Drop every picture. Then return, exactly, the lines from the beginning of the listing below through the one containing "O concello do".
───
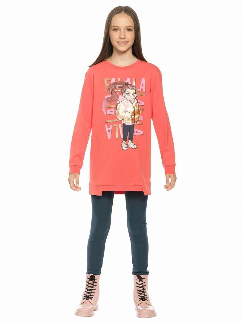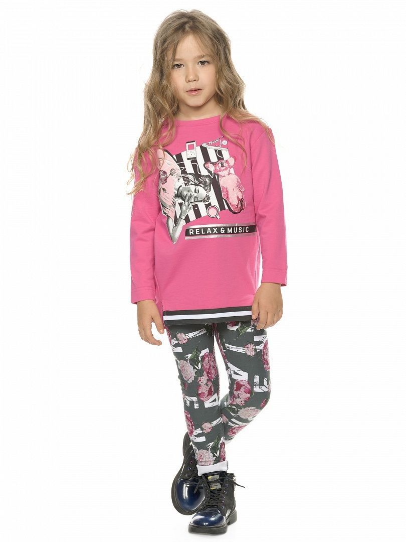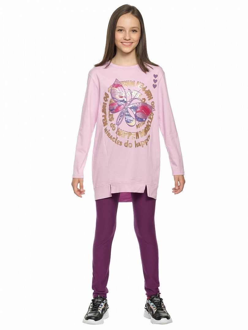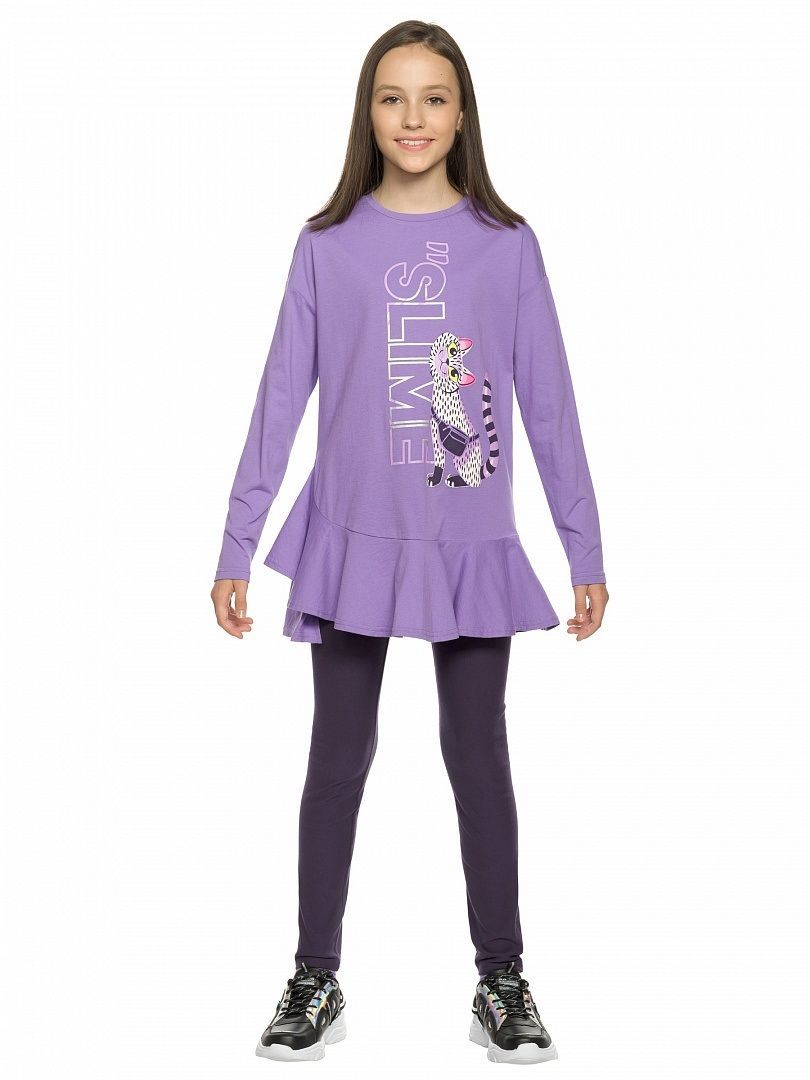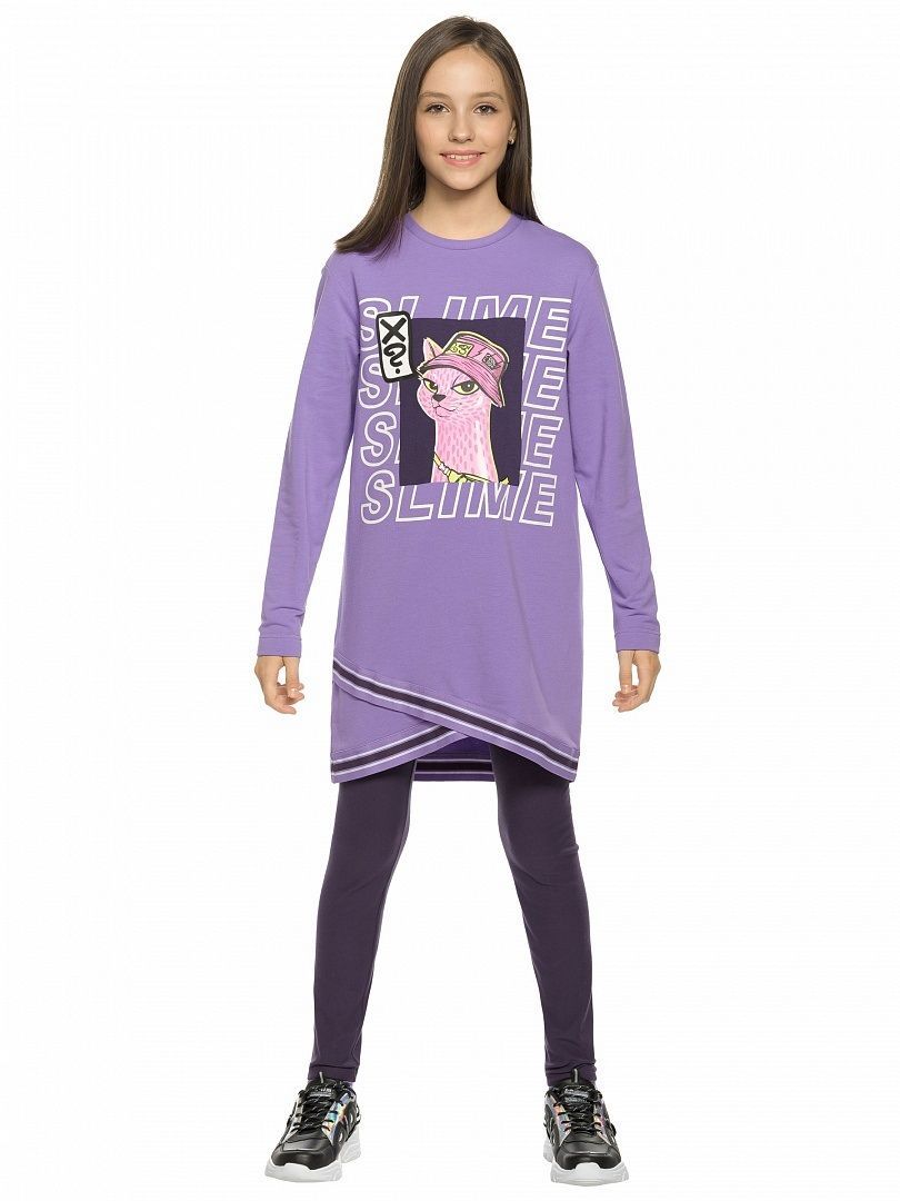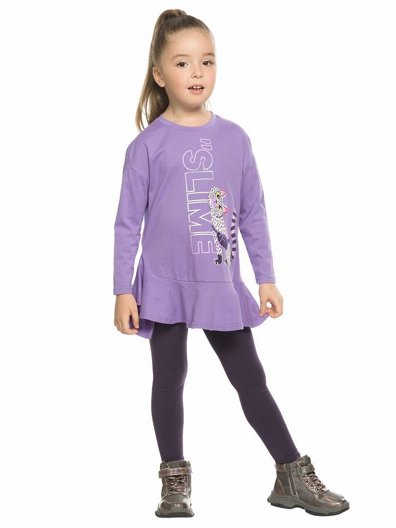 Состав: верх: 96%хлопок 4%эластан, низ: 96%хлопок 4%эластан Комплект для девочек туника и лосины. Туника из футера О силуэта со спущенным плечом. Низ изделия фигурный, декорирован эластичной тесьмой. Стойкий принт с неоном. Надпись на панаме Клёвый образ. Утепленные лосины с начесом.
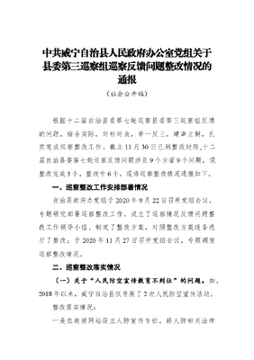 中共威宁自治县人民政府办公室党组关于县委第三巡察组巡察反馈问题整改情况的通报.docx
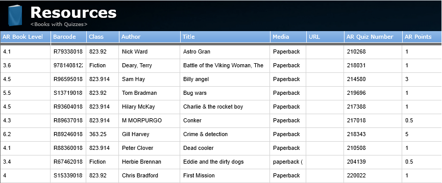 ·Any books that contain an AR quiz will show in the grid. An example of this is below:
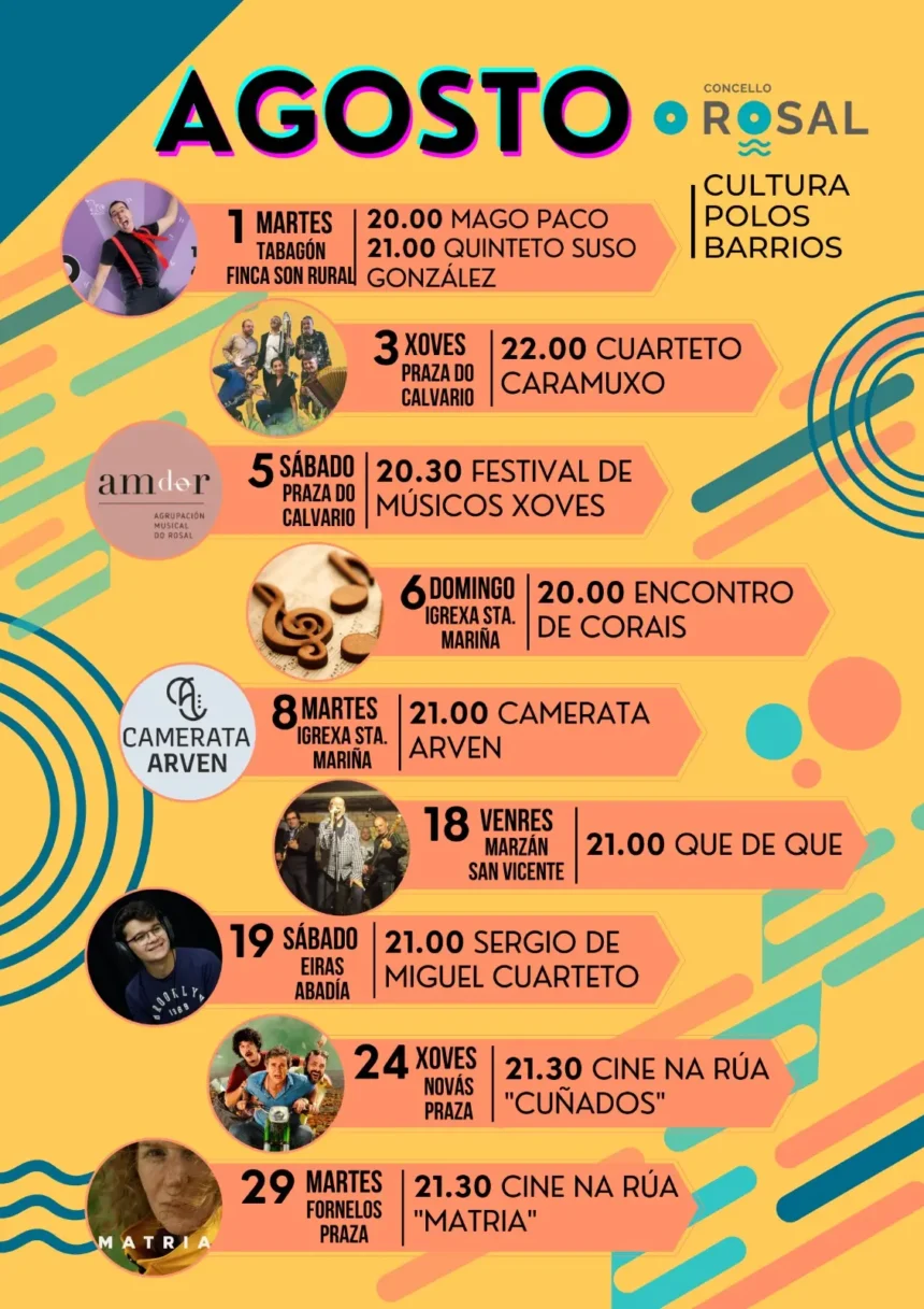 O concello do Rosal presenta unha programación cultural para o mes de agosto que ven chea de música, cinema e propostas para público familiar. As actividades realizaranse en diferentes espazos do municipio.
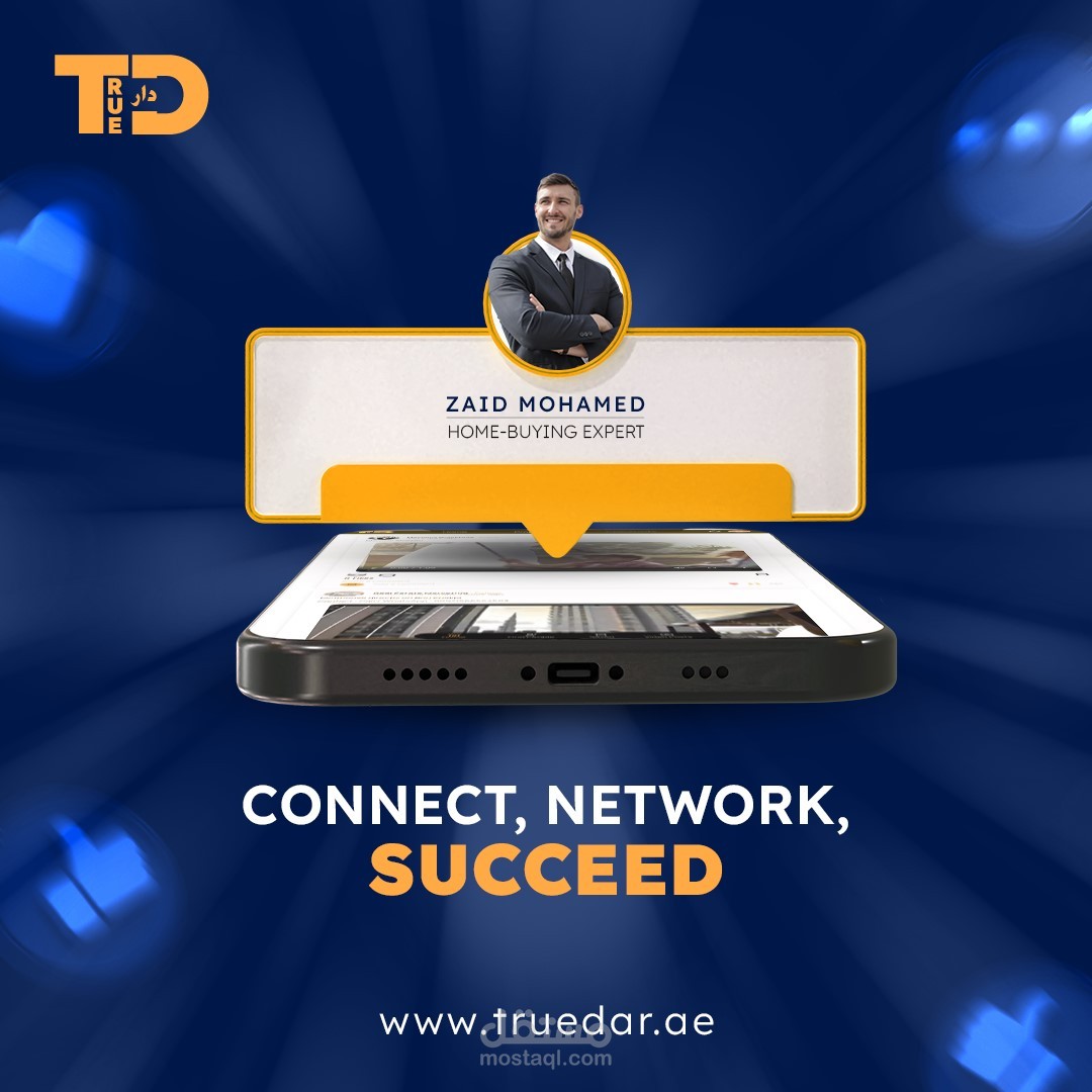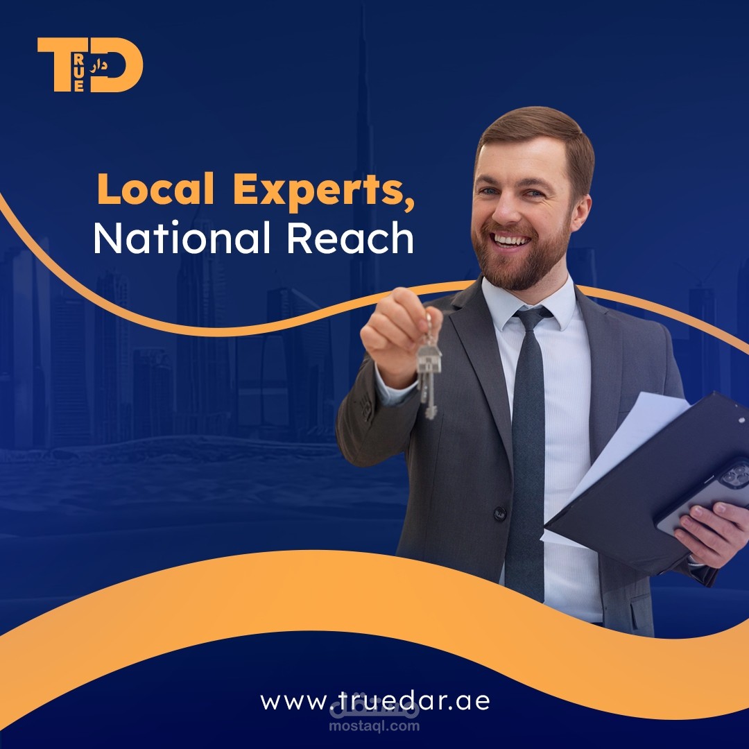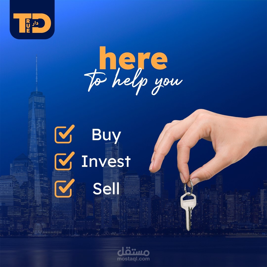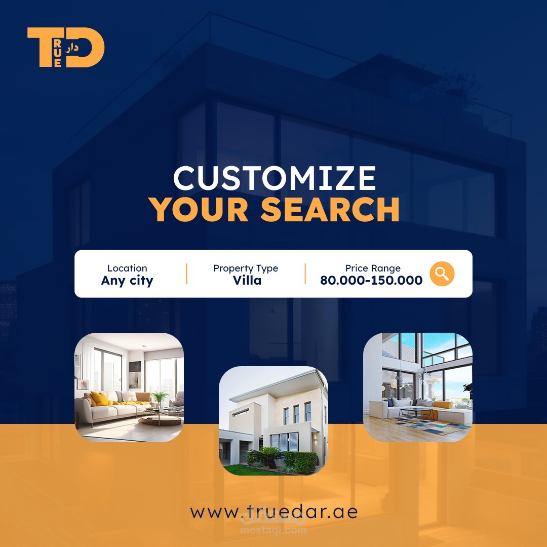 قمت بتصميم مجموعة من الصور المخصصة لوسائل التواصل الاجتماعي لشركة True Dar، المتخصصة في تقديم خدمات عقارية متعددة في الإمارات. الهدف من المشروع هو تعزيز الوعي بالعلامة التجارية وجذب العملاء من خلال تصاميم جذابة وملهمة.
───
#### Solved exercise
 Состав: верх: 96%хлопок 4%эластан, низ: 96%хлопок 4%эластан Комплект для девочек туника и лосины. Туника из футера О силуэта со спущенным плечом. Низ изделия фигурный, декорирован эластичной тесьмой. Стойкий принт с неоном. Надпись на панаме Клёвый образ. Утепленные лосины с начесом.
 中共威宁自治县人民政府办公室党组关于县委第三巡察组巡察反馈问题整改情况的通报.docx
 ·Any books that contain an AR quiz will show in the grid. An example of this is below:
 O concello do Rosal presenta unha programación cultural para o mes de agosto que ven chea de música, cinema e propostas para público familiar. As actividades realizaranse en diferentes espazos do municipio.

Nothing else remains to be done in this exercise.